EXERCISE AIM: Without the pictures, write the listing out again exactly as it appears.

GIVEN INFORMATION:

--------

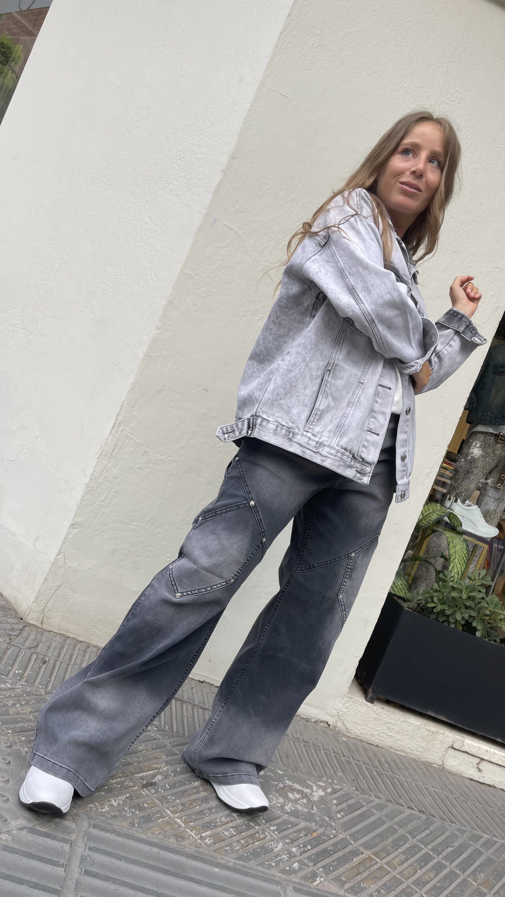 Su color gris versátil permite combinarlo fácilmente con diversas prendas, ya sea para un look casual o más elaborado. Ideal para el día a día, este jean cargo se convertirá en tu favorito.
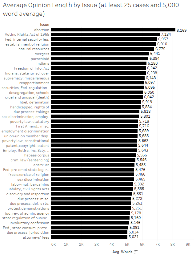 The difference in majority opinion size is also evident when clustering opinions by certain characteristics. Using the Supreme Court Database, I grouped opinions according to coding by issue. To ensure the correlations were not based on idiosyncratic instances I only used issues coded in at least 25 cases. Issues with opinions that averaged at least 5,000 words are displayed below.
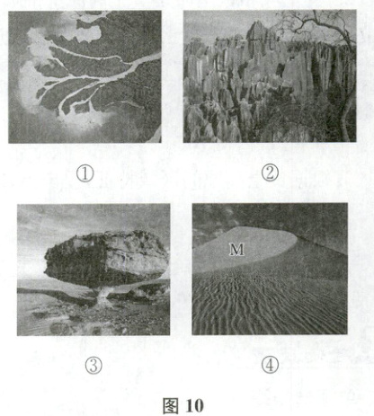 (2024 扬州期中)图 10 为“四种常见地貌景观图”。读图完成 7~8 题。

--------

THE ANSWER:
 Su color gris versátil permite combinarlo fácilmente con diversas prendas, ya sea para un look casual o más elaborado. Ideal para el día a día, este jean cargo se convertirá en tu favorito.
 The difference in majority opinion size is also evident when clustering opinions by certain characteristics. Using the Supreme Court Database, I grouped opinions according to coding by issue. To ensure the correlations were not based on idiosyncratic instances I only used issues coded in at least 25 cases. Issues with opinions that averaged at least 5,000 words are displayed below.
 (2024 扬州期中)图 10 为“四种常见地貌景观图”。读图完成 7~8 题。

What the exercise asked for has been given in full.